> RECORDED DATA
____________________
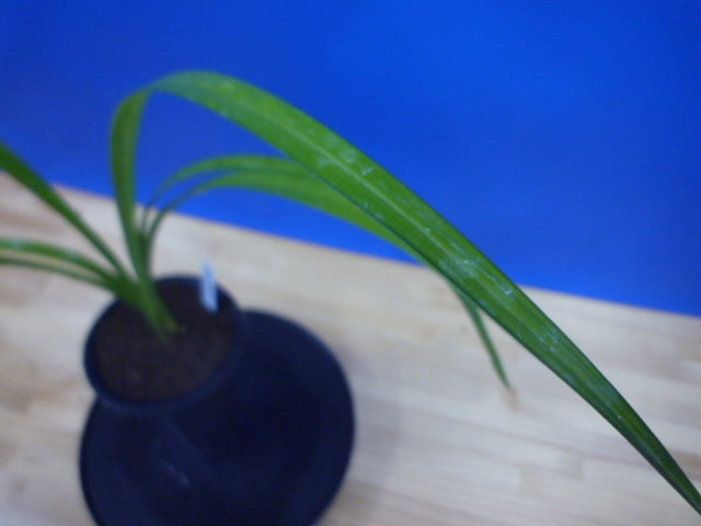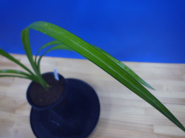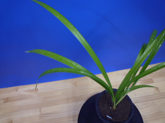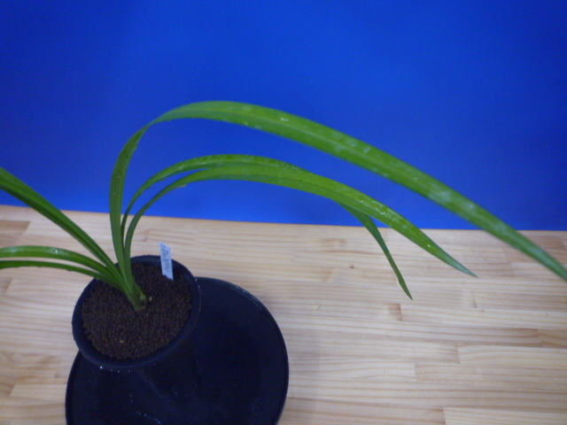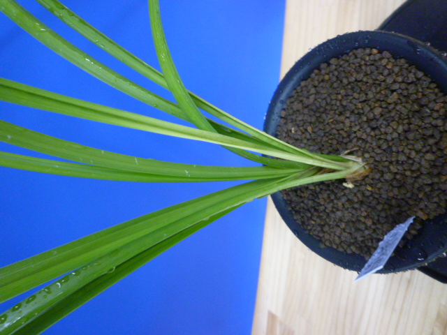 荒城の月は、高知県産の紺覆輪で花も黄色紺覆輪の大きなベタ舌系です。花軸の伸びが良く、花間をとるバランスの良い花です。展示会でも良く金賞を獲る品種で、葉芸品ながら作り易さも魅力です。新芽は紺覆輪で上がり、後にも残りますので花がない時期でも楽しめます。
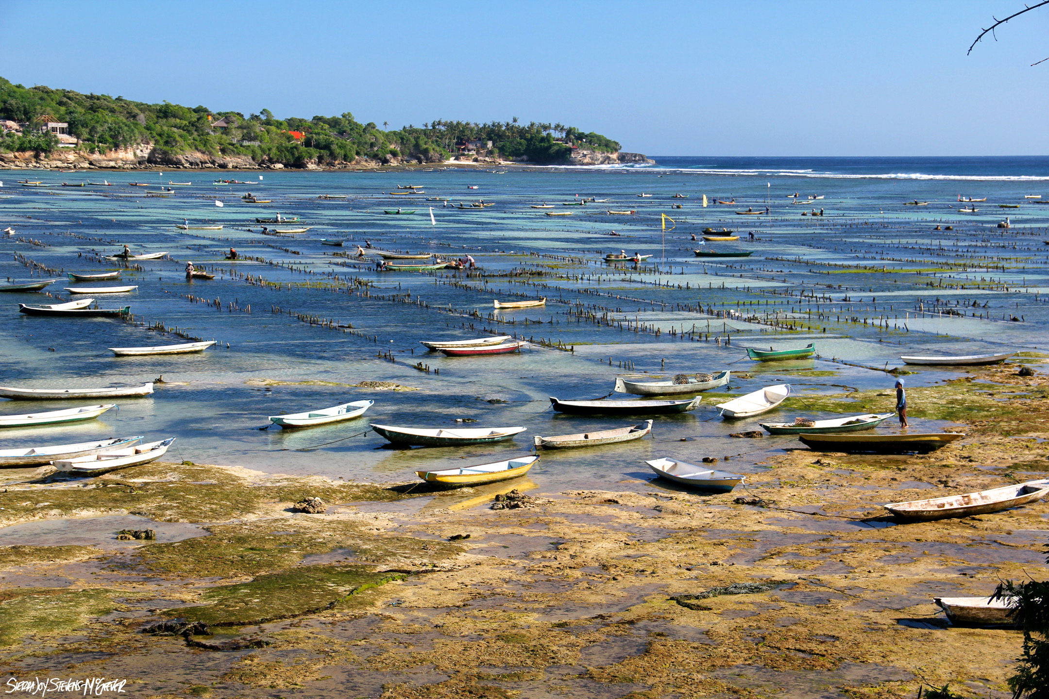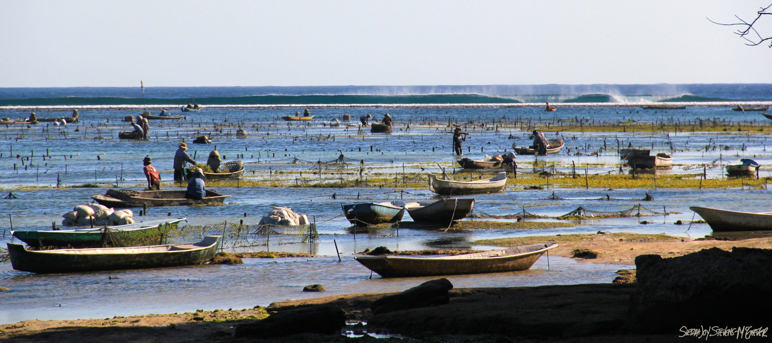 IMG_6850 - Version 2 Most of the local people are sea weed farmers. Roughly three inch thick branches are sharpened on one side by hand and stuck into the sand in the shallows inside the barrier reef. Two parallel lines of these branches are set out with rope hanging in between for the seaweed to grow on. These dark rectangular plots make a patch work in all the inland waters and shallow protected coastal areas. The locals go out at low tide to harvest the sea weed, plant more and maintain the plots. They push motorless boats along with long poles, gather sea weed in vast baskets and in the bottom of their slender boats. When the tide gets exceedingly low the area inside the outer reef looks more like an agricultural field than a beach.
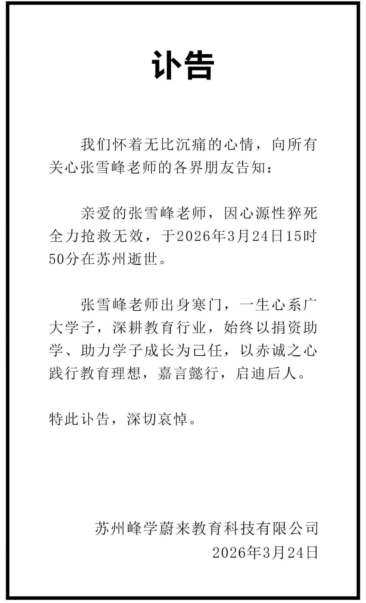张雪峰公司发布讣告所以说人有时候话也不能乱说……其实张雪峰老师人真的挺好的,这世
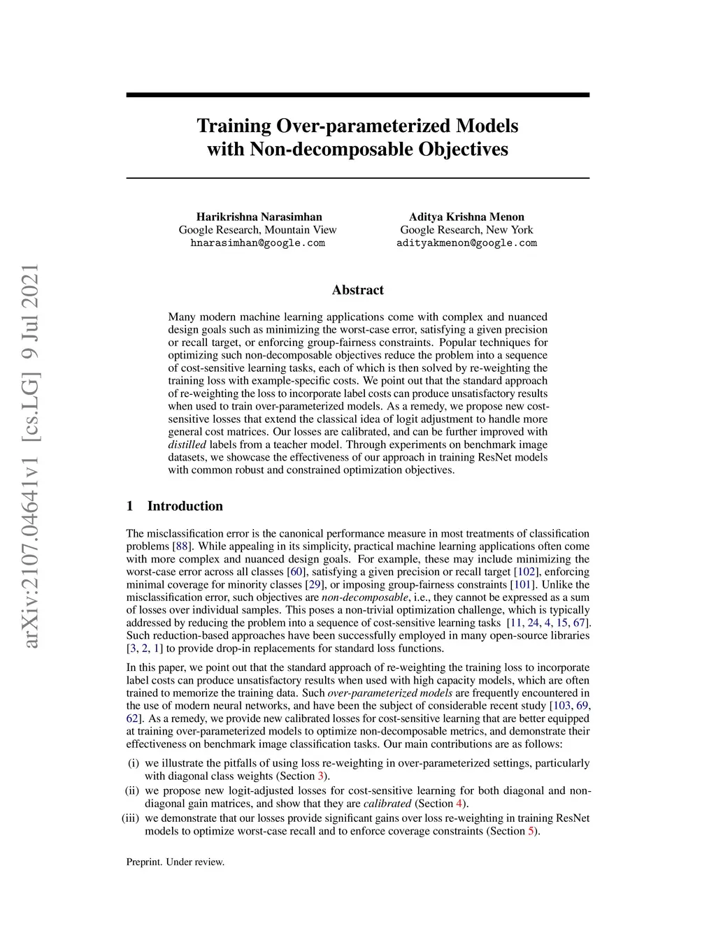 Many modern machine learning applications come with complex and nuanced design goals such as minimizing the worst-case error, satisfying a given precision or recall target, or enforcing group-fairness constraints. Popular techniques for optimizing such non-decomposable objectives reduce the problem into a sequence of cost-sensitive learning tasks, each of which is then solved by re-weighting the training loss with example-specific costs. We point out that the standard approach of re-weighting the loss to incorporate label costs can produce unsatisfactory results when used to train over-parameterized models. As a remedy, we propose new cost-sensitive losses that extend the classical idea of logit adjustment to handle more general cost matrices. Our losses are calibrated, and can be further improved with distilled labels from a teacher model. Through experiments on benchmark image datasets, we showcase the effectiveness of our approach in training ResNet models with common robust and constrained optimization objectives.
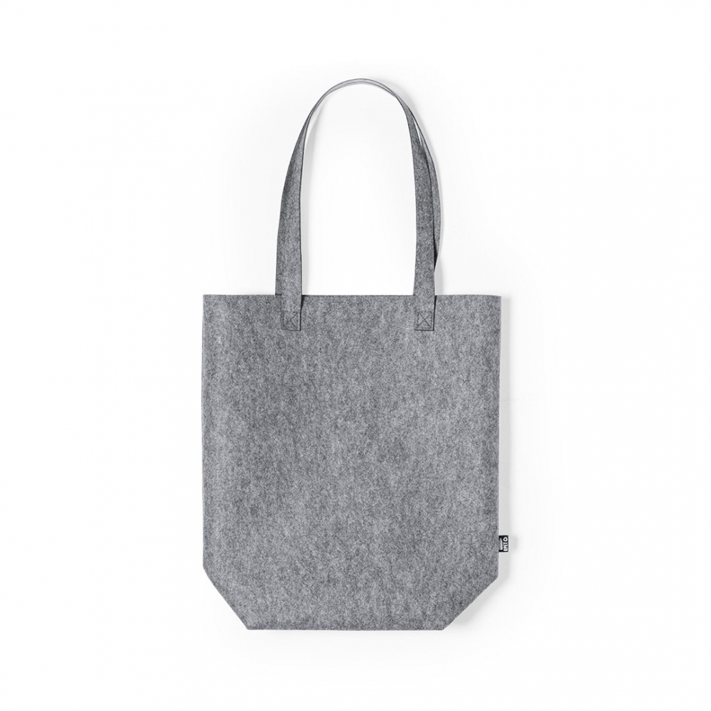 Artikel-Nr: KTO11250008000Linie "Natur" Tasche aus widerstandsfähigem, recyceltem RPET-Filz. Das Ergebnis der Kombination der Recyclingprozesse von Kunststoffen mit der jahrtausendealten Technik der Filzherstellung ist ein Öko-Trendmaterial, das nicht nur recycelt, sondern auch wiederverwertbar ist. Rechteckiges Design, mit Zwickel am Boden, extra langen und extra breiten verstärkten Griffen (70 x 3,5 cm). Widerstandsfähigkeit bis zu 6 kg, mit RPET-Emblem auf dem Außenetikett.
____________________
> ASSIGNED TASK
No pictures should appear in the copy, which holds exactly the lines from the first line of the data through the line with "张雪峰公司发布讣告所以说人有时候话也不能乱说……其实张雪峰老师人真的挺好的,这世" and nothing else.

> ANSWER TO THIS TASK
 荒城の月は、高知県産の紺覆輪で花も黄色紺覆輪の大きなベタ舌系です。花軸の伸びが良く、花間をとるバランスの良い花です。展示会でも良く金賞を獲る品種で、葉芸品ながら作り易さも魅力です。新芽は紺覆輪で上がり、後にも残りますので花がない時期でも楽しめます。
 IMG_6850 - Version 2 Most of the local people are sea weed farmers. Roughly three inch thick branches are sharpened on one side by hand and stuck into the sand in the shallows inside the barrier reef. Two parallel lines of these branches are set out with rope hanging in between for the seaweed to grow on. These dark rectangular plots make a patch work in all the inland waters and shallow protected coastal areas. The locals go out at low tide to harvest the sea weed, plant more and maintain the plots. They push motorless boats along with long poles, gather sea weed in vast baskets and in the bottom of their slender boats. When the tide gets exceedingly low the area inside the outer reef looks more like an agricultural field than a beach.
张雪峰公司发布讣告所以说人有时候话也不能乱说……其实张雪峰老师人真的挺好的,这世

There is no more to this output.